__ASSIGNMENT__. Begin at the first line of the data and copy each line through the one containing "九州初上陸のサウナトラック「", that line included, with no pictures.

(Items from a dataset)
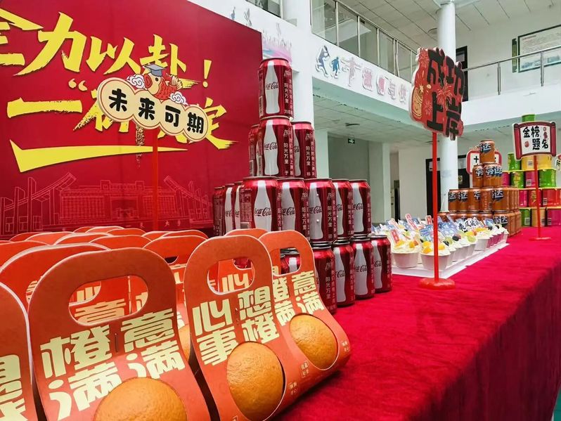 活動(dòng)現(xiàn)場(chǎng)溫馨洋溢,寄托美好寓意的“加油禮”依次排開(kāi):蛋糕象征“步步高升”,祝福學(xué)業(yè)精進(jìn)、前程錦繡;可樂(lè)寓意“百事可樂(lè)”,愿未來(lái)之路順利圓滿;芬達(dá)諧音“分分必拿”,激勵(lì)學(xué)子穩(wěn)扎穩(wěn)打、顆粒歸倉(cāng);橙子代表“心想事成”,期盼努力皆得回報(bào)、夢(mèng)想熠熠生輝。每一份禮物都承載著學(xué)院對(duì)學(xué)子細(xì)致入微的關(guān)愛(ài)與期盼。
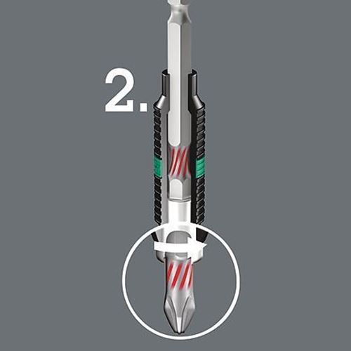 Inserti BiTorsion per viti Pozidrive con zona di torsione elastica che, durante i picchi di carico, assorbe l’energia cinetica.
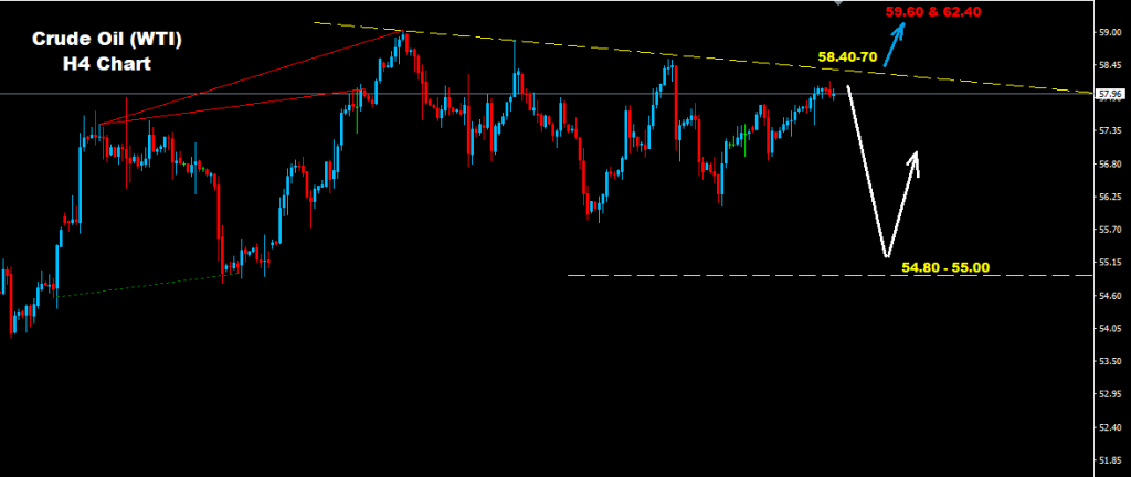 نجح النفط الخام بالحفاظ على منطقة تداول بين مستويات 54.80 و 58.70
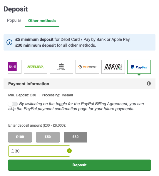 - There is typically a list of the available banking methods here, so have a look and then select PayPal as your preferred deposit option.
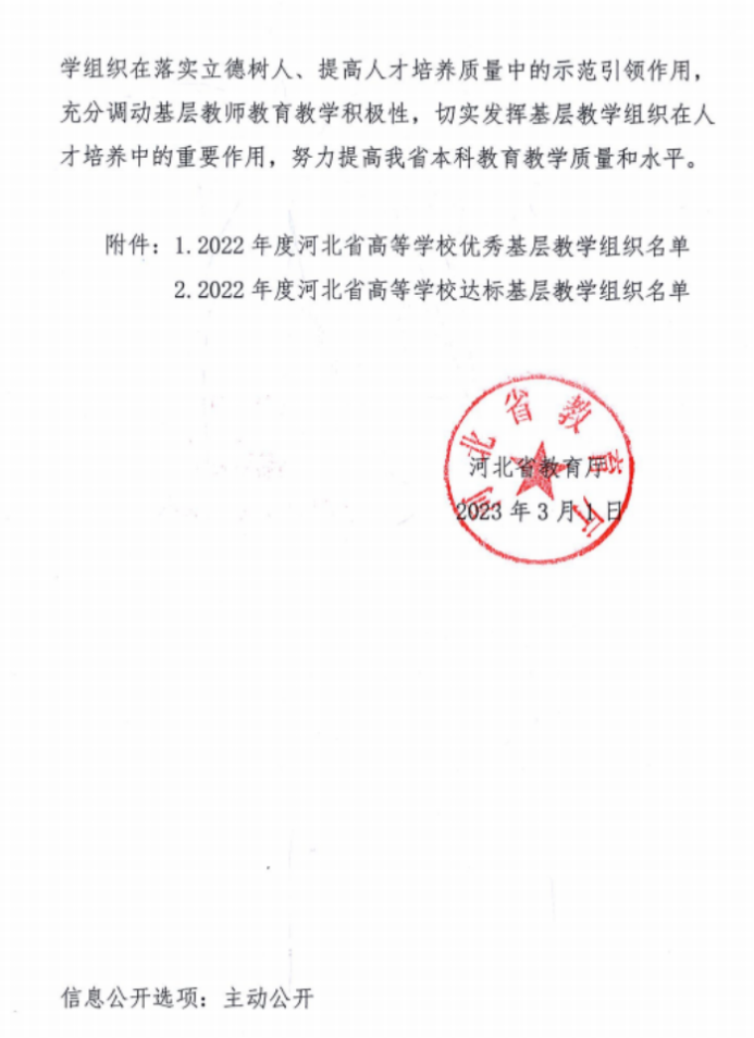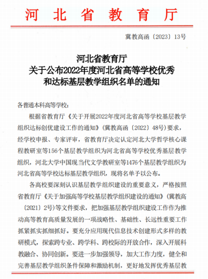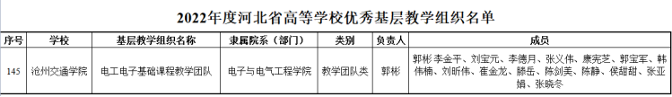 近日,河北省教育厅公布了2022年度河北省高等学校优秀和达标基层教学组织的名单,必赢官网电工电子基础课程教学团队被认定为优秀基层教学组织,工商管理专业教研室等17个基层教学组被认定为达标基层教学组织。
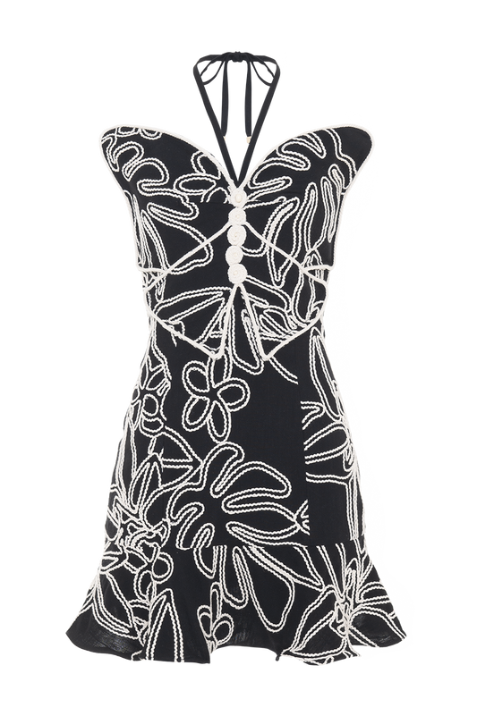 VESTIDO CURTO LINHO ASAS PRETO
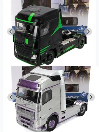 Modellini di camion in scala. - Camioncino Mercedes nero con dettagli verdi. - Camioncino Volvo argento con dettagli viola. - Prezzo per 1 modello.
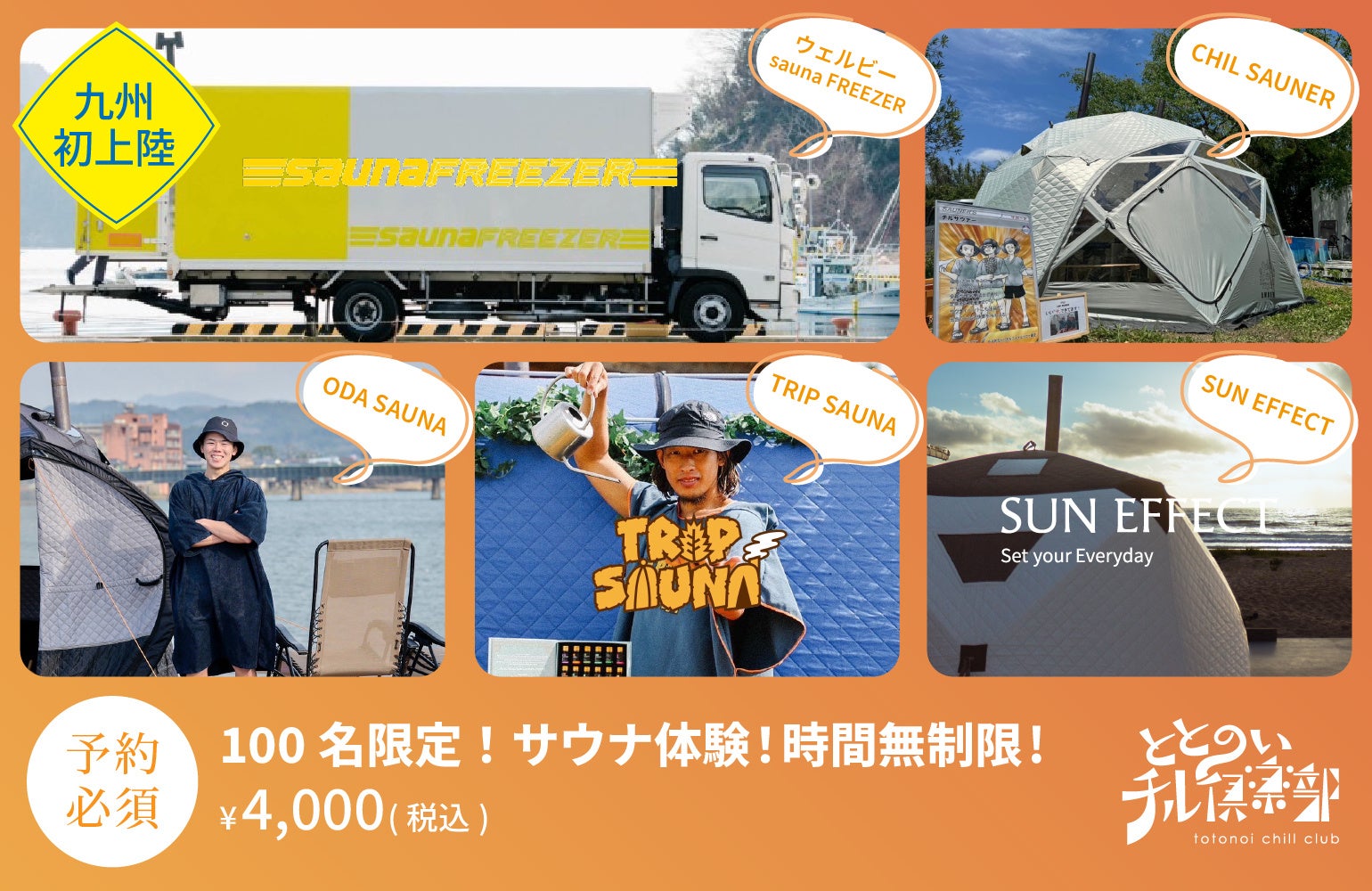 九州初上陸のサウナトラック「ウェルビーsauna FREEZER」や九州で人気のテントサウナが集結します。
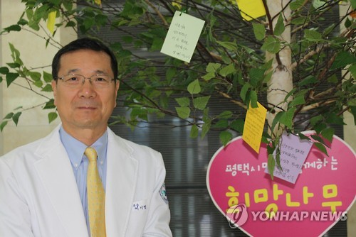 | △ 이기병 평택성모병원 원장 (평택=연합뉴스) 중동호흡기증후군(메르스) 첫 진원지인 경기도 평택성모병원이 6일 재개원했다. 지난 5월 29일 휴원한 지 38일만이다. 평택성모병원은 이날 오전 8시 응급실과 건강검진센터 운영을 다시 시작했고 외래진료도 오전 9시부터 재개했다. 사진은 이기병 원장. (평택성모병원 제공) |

__OUTPUT FOR THIS EXERCISE__.
 活動(dòng)現(xiàn)場(chǎng)溫馨洋溢,寄托美好寓意的“加油禮”依次排開(kāi):蛋糕象征“步步高升”,祝福學(xué)業(yè)精進(jìn)、前程錦繡;可樂(lè)寓意“百事可樂(lè)”,愿未來(lái)之路順利圓滿;芬達(dá)諧音“分分必拿”,激勵(lì)學(xué)子穩(wěn)扎穩(wěn)打、顆粒歸倉(cāng);橙子代表“心想事成”,期盼努力皆得回報(bào)、夢(mèng)想熠熠生輝。每一份禮物都承載著學(xué)院對(duì)學(xué)子細(xì)致入微的關(guān)愛(ài)與期盼。
 Inserti BiTorsion per viti Pozidrive con zona di torsione elastica che, durante i picchi di carico, assorbe l’energia cinetica.
 نجح النفط الخام بالحفاظ على منطقة تداول بين مستويات 54.80 و 58.70
 - There is typically a list of the available banking methods here, so have a look and then select PayPal as your preferred deposit option.
 近日,河北省教育厅公布了2022年度河北省高等学校优秀和达标基层教学组织的名单,必赢官网电工电子基础课程教学团队被认定为优秀基层教学组织,工商管理专业教研室等17个基层教学组被认定为达标基层教学组织。
 VESTIDO CURTO LINHO ASAS PRETO
 Modellini di camion in scala. - Camioncino Mercedes nero con dettagli verdi. - Camioncino Volvo argento con dettagli viola. - Prezzo per 1 modello.
 九州初上陸のサウナトラック「ウェルビーsauna FREEZER」や九州で人気のテントサウナが集結します。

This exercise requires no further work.